Let Your Voice Be Heard

Today’s Daily Caller features an article from me about CEI’s entry in the EPA’s YouTube video contest on regulations, expertly produced by my colleagues Drew Tidwell and Nicole Ciandella.

The theme of the video contest is “Let your voice be heard.” The problem is that over-regulation drowns out your voice in a cacophony of commands and controls from the minute you get up in the morning until you go to bed at night. The Code of Federal Regulations is 157,000 pages long. And it’s still growing. Enough is enough.

Hopefully CEI’s video isn’t the only entry that makes that important point.

The EPA’s Regulation Video Contest

The EPA ($10,500,000,000 budget, 17,000+ employees) is holding a YouTube video contest where entrants make videos about how great regulations are, and why we need more of them. The winner gets $2,500 of taxpayers’ money.

CEI decided to enter the contest. Our view of regulation is less sanguine, as you can see below.

Friday Regulation Roundup

Some of the stranger governmental goings-on I dug up over the week:

-The federal government is spending $73m this year on the Agricultural Water Enhancement Program.

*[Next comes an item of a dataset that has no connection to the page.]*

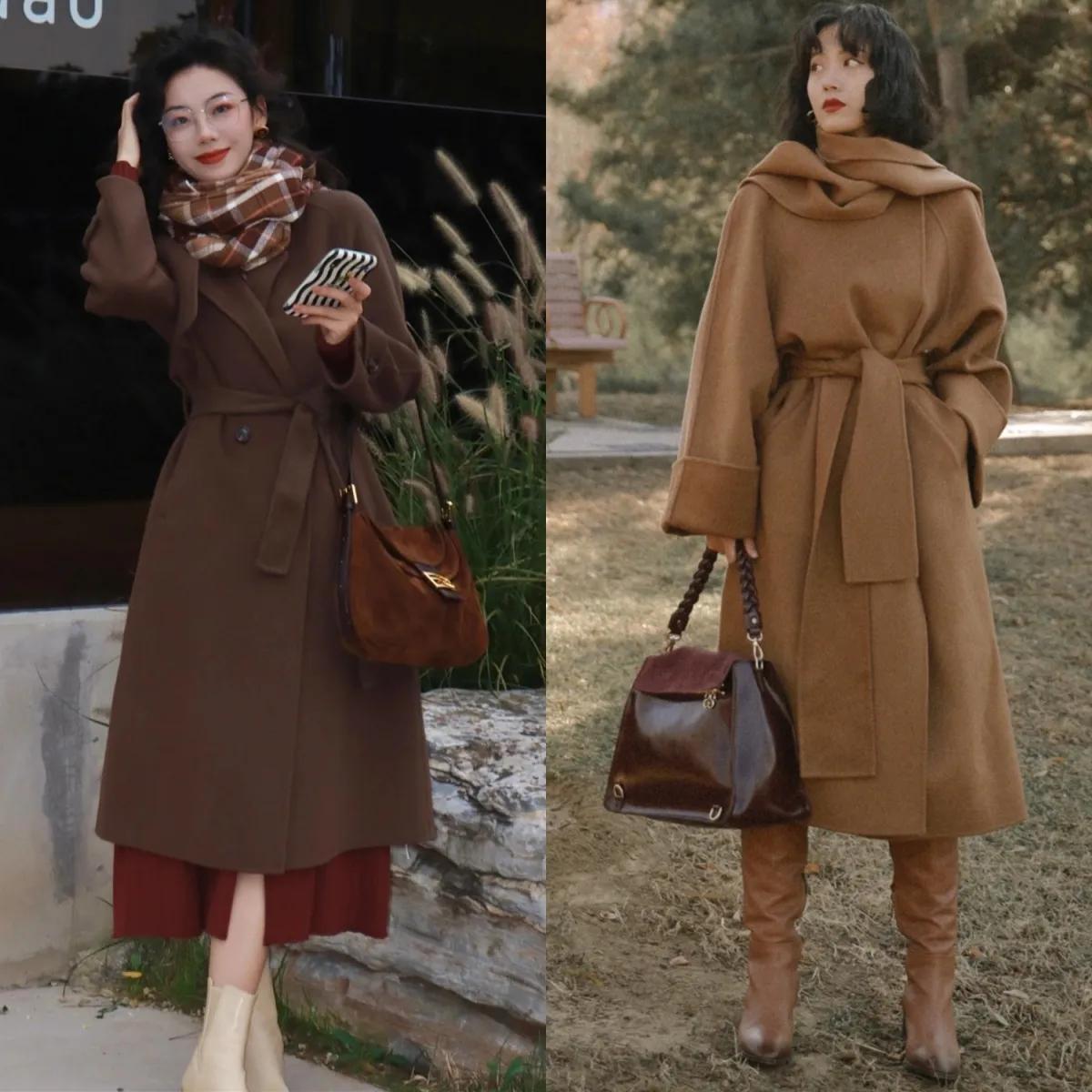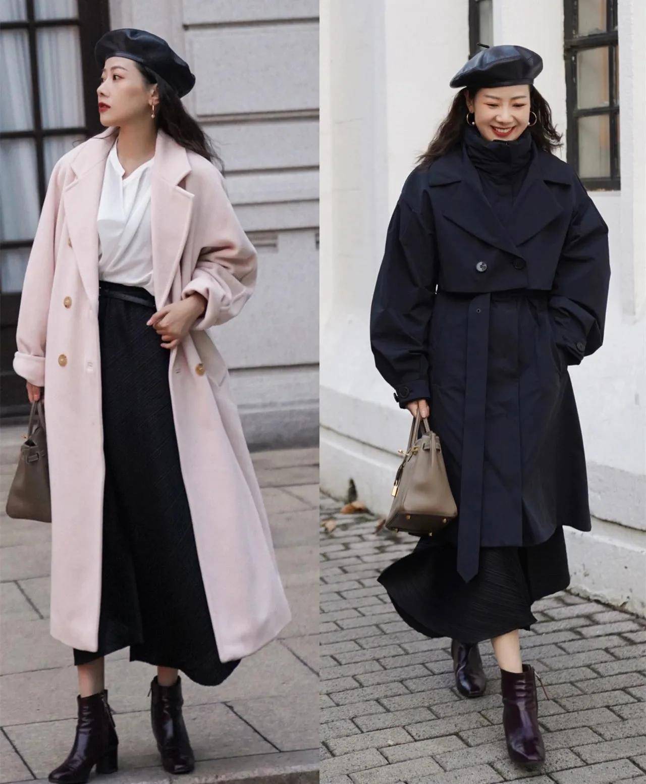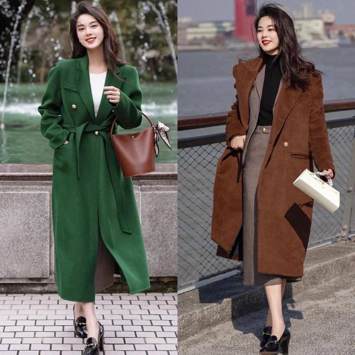 推荐选择右边的这一件棕色的大衣外套,内搭一套西服裙装,叠穿黑色针织打底衫,脚上穿的黑色的高温单鞋,这样的衣服造型搭配反而更时髦,保暖舒适。去公司上班的时候有空调,可以把你的大衣外套脱了,挂在衣橱里面,或者是挂在你的工作椅上,下班的时候再穿,完全没有任何问题。

-The federal government has 5,647 words of formaldehyde regulations for the workplace.

-The federal government has an Arthritis Advisory Committee. They’re meeting on May 12 if you care to attend.

-Government spends $2,000,000 on phone lines for a town of 80 people, some of whom already own satellite dishes.

OSHA considers sand a poison because it contains silica.

-Vermont to spend $150,000 to build a tunnel for salamanders to cross a road safely.

-The federal government has a Highbush Blueberry Council.

-A fish hatchery in South Dakota is getting $20,000 in stimulus money for new light fixtures.

-In Virginia, it is illegal in many instances to turn on your air conditioning before May 1. Cato’s Tom Firey has more.

EPA says that de-icing fluid for windshields is an environmental hazard. Worried airline pilots say the EPA is the real safety hazard.

-It is illegal in Kentucky for anyone under 18 to play pool without photo ID and written parental consent.